In the first nine months of 1998, the company recorded pretax
charges of $186 million ($1.73 per share after tax) for merger costs
related to the company's proposed combination with Lockheed Martin
Corporation. The charges cover vesting of restricted stock that became
issuable following the February 1998 shareholder approval of the merger
as well as other costs associated with the proposed combination such as
investment banking fees, legal and accounting fees, and costs related
to responding to the Government's request for information. On July 16,
1998, Lockheed Martin Corporation notified the company that it was
terminating its merger agreement with the company pursuant to the terms
of the merger agreement. Merger costs reported in 1997 are associated
with the Logicon merger.
Other income for the third quarter of last year benefited by $24
million from the recovery of a portion of a charge recorded in 1996
related to the sale of the company's Perry, Georgia facility, and by
$12 million in interest income related to the MX missile ITA claim
settlement.
Interest expense was $59 million for the third quarter of 1998 and
$173 million for the first nine months of 1998, down $9 million and $24
million, respectively, from the same periods last year. The decreases
resulted principally from a lower average level of borrowings in the
first nine months of 1998 as compared with the same period of 1997.
During the first nine months of 1998, $72 million of cash was
generated by operations versus the $270 million generated in the first
nine months of 1997. The decline in the amount generated from
operating activities is primarily due to the increase in working
capital for commercial aerostructures to support increased production
levels.

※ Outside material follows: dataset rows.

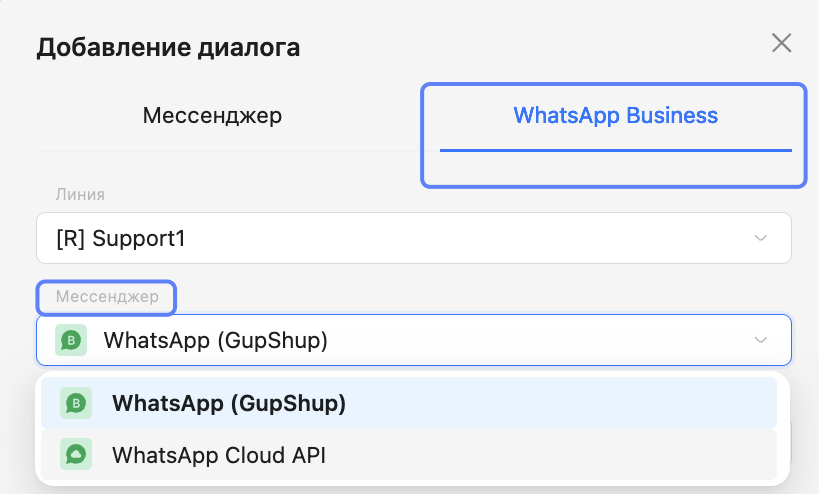 Затем укажите тип канала: WhatsApp Business API или WhatsApp Cloud API.
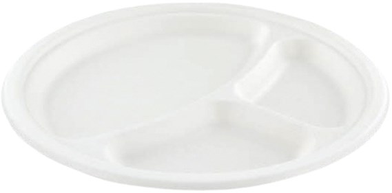 Bord suikerriet IEZZY 260mm 3 vaks PFAS-vrij wit 50 stuks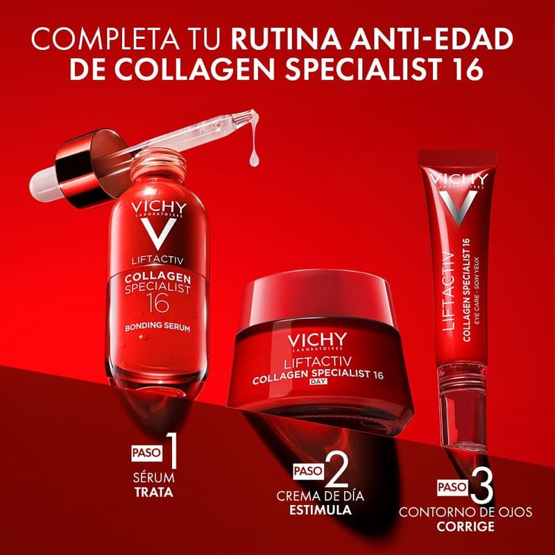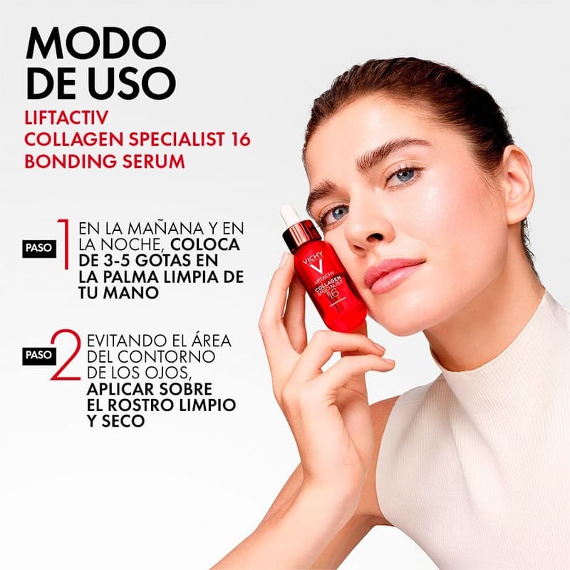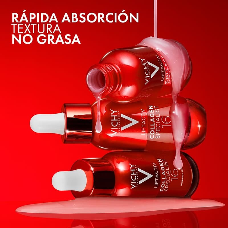 Sérum antiedad que corrige 16 signos de la edad. Potencia y une todas las familias del colágeno gracias a sus ingredientes y tecnología Co-Bonding. Su textura es no grasa y de rápida absorción. Fórmula hipoalergénica y apto para pieles sensibles.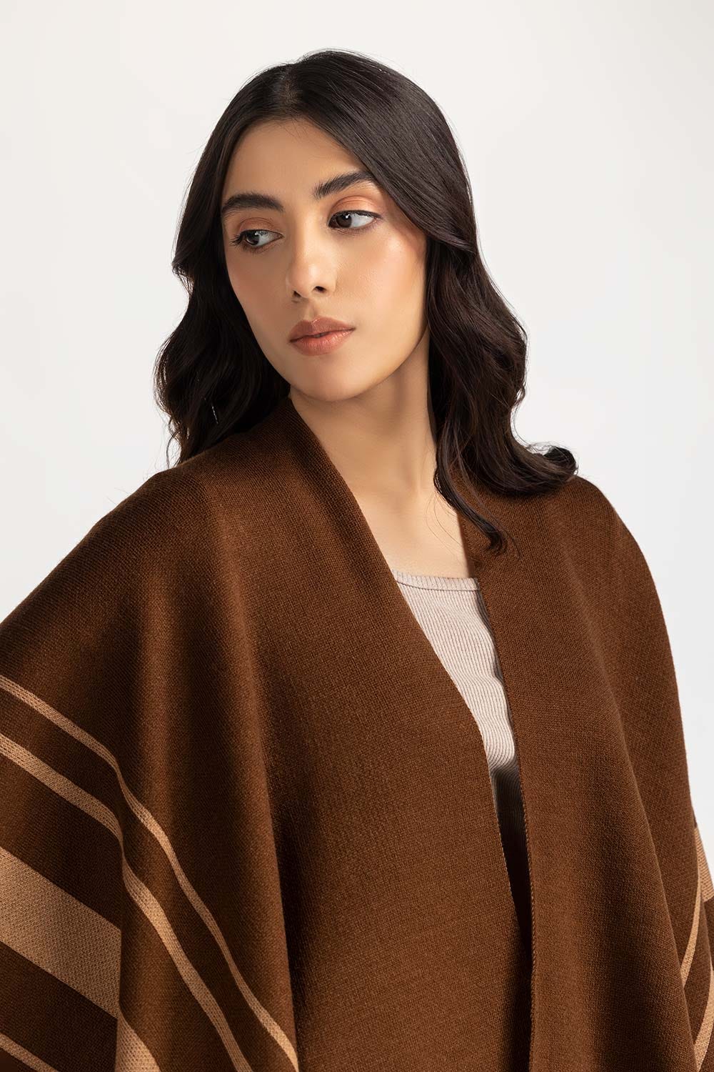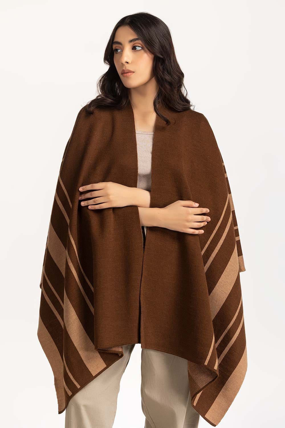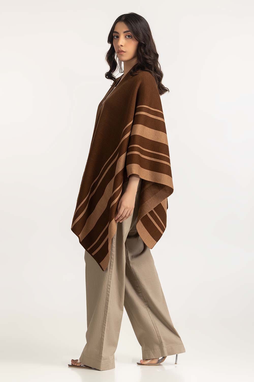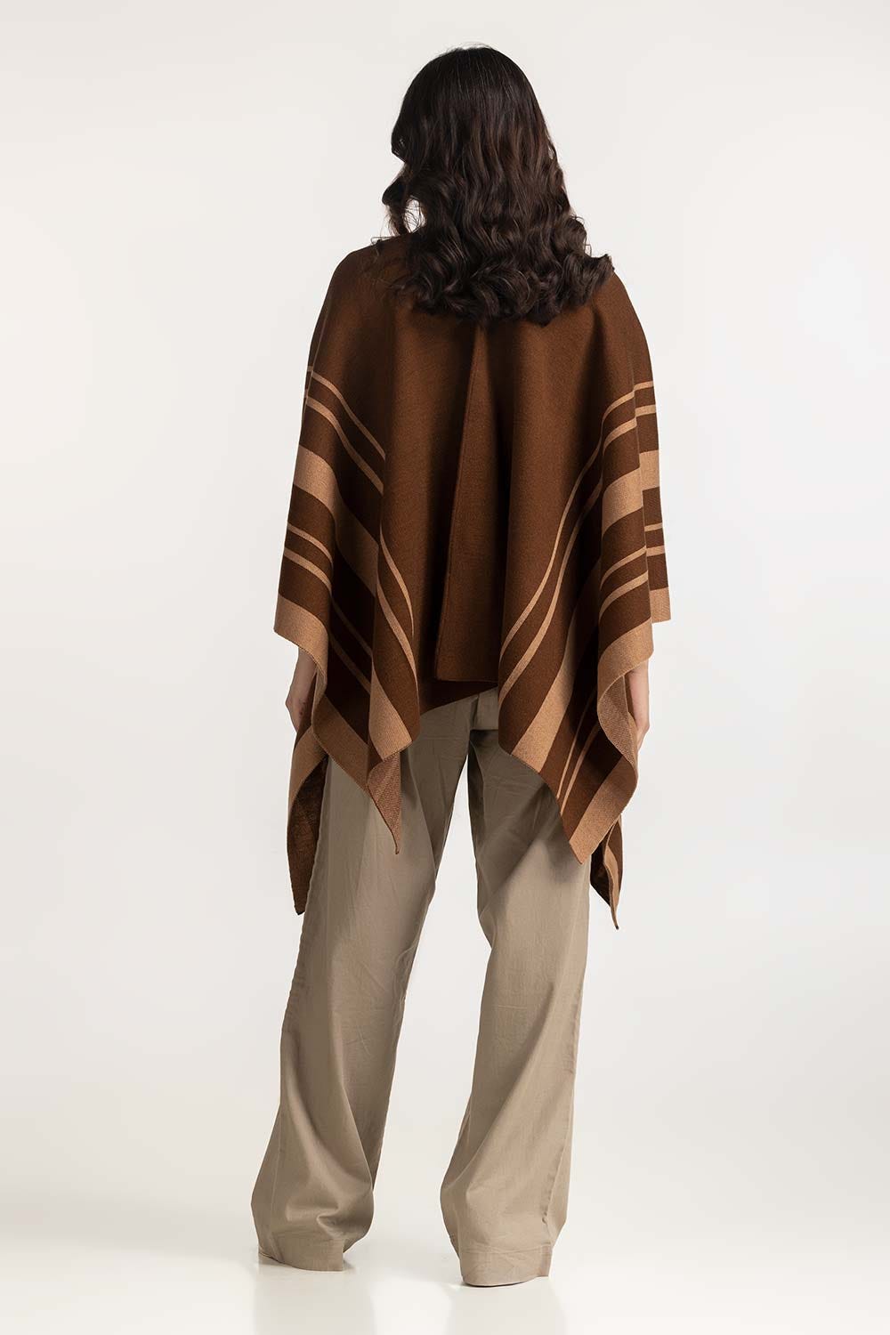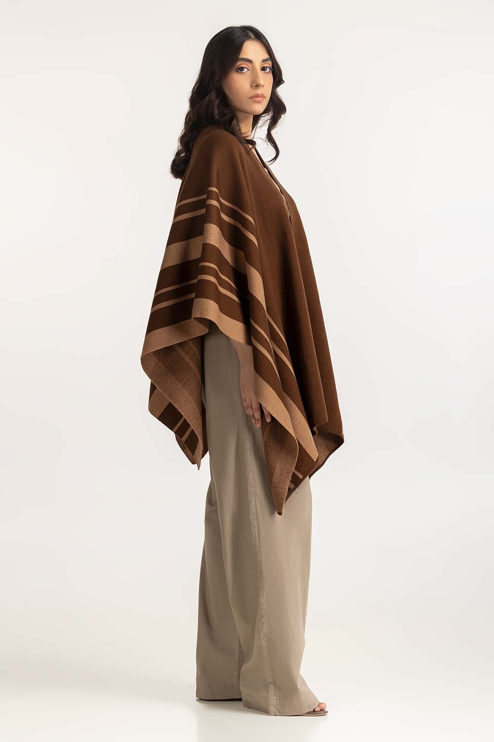 Brown Cape Shawls With Stripes At Side With Light Brown Color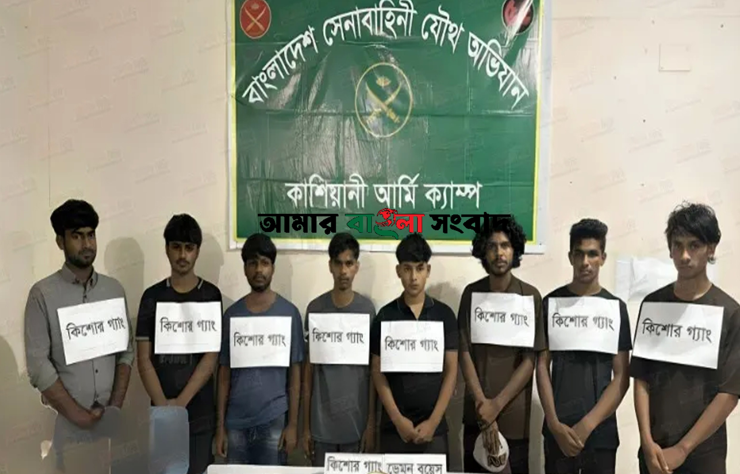 গোপালগঞ্জের কাশিয়ানী উপজেলায় যৌথবাহিনী একটি অভিযান পরিচালনা করে কিশোর গ্যাং ‘ডেমন বয়েজ’ এর আট সক্রিয় সদস্যকে গ্রেফতার করেছে। শুক্রবার (২৭ জুন) রাত সাড়ে ১০টার দিকে মহেশপুর রেলস্টেশন এলাকায় এই অভিযান চালানো হয়। গ্রেফতারকৃতদের কাছ থেকে গাঁজা, গাঁজা সেবনের কল্কি এবং মোবাইল ফোন উদ্ধার করা হয়েছে।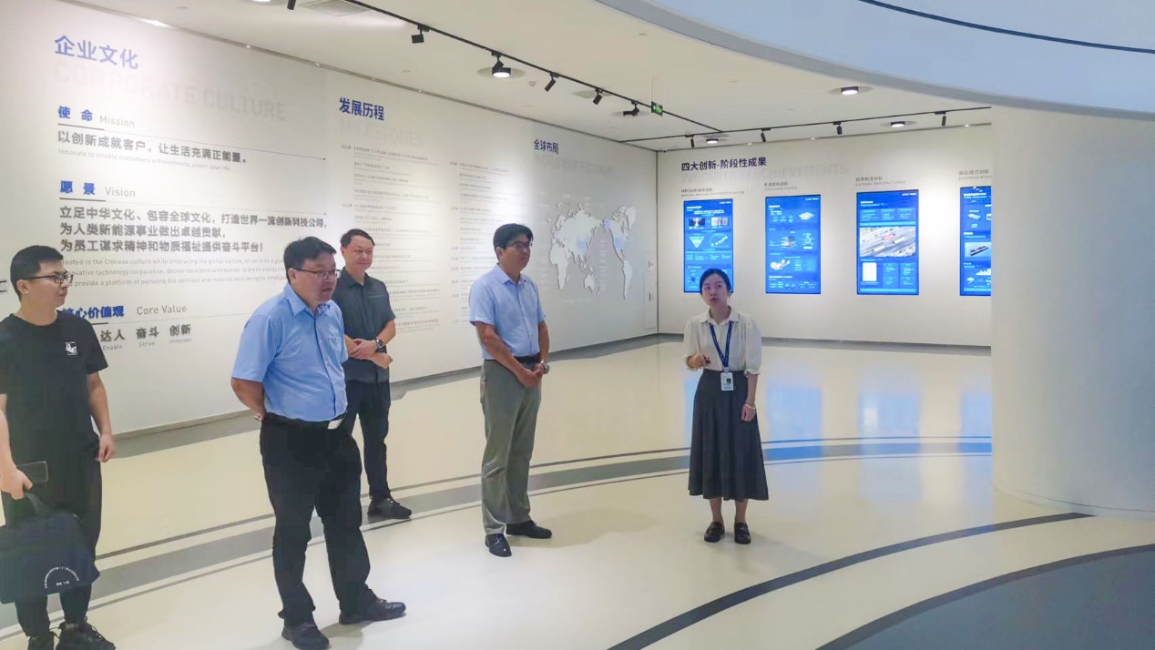 8月17日上午,调研小组一行在宁德发改委副主任于洋及生态科科长胡蔚的陪同下,来到宁德时代总部参观交流。宁德时代新能源科技股份有限公司成立于2011年,专注于新能源汽车动力电池系统、储能系统的研发、生产和销售。作为国内外动力电池龙头,从2017年开始,宁德时代动力电池使用量连续六年全球第一,2022年全球市占率为37%,和全球几乎所有主流车企都建立了合作伙伴关系。截至2022年,宁德时代储能电池出货量,连续2年全球第一,全球市场占有率达到43%。作为国内最具全球竞争力的动力电池制造商,宁德时代在“双碳”时代如何走出一条零碳排放之路备受各界关注。今年4月18日宁德时代在上海车展发布了“零碳战略”:宣布到2025年,宁德时代的电池工厂将全部成为零碳工厂,率先在生产制造领域实现碳中和;到2035年,公司生产的电池将全部为零碳电池,从矿产资源到电池实现全价值链碳中和。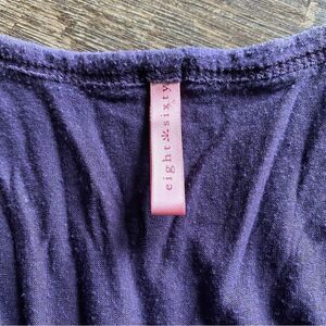 Eight Sixty Surplice cross front top in beautiful purple. Plus size 1. Versatile top: easy to dress up or wear casual. Please see photo section for approximate flat measurements + light piling throughout from use. Note: there is no material tag in this top. It is a soft stretchy material.

In the last quarter of this year, cash generated from operating
activities is expected to be more than sufficient to finance capital
expenditures and dividends. The company's liquidity and financial
flexibility is expected to continue to be provided by cash flow
generated by operating activities, supplemented by the unused borrowing
capacity available under the company's credit agreement and other short-
term credit facilities.
Year 2000 Issues
The company continues to implement its program to address the Year 2000
issue. The program, which was begun in 1996, consists of the following
phases: assessing, planning, remediating, and testing-validating.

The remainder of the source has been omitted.